◆ **EXERCISE DIRECTIONS**:
I'd like every line in the following listing that holds "this" copied.

◆ **DATASET RECORDS**:
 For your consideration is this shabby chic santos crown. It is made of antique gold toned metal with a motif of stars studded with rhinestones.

==

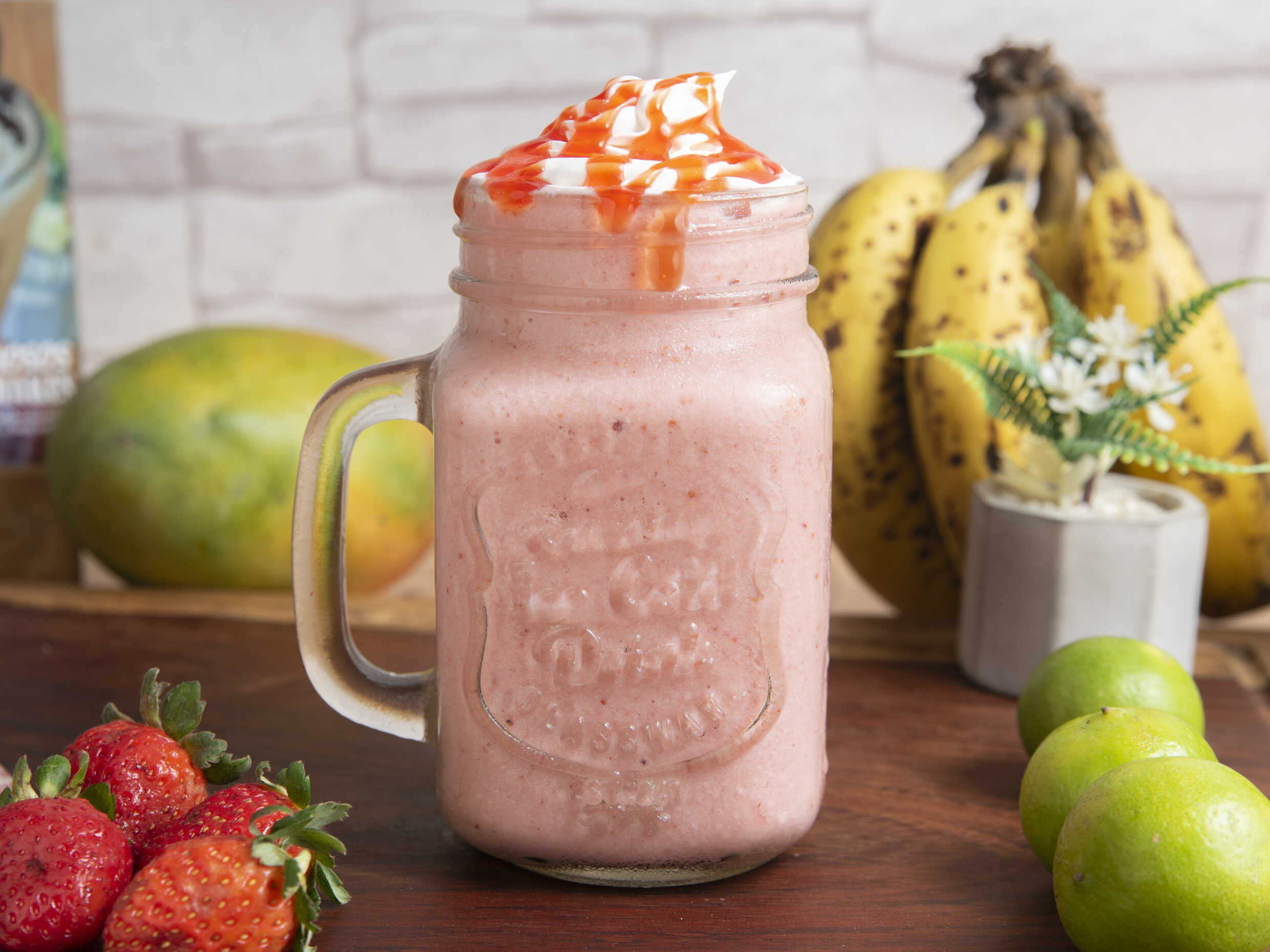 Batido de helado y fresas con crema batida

--

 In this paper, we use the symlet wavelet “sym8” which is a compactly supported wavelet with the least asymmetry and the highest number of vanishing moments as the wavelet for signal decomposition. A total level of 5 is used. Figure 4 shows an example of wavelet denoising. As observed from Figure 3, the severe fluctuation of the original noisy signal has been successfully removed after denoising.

◆ **WRITTEN SOLUTION**:
 For your consideration is this shabby chic santos crown. It is made of antique gold toned metal with a motif of stars studded with rhinestones.
 In this paper, we use the symlet wavelet “sym8” which is a compactly supported wavelet with the least asymmetry and the highest number of vanishing moments as the wavelet for signal decomposition. A total level of 5 is used. Figure 4 shows an example of wavelet denoising. As observed from Figure 3, the severe fluctuation of the original noisy signal has been successfully removed after denoising.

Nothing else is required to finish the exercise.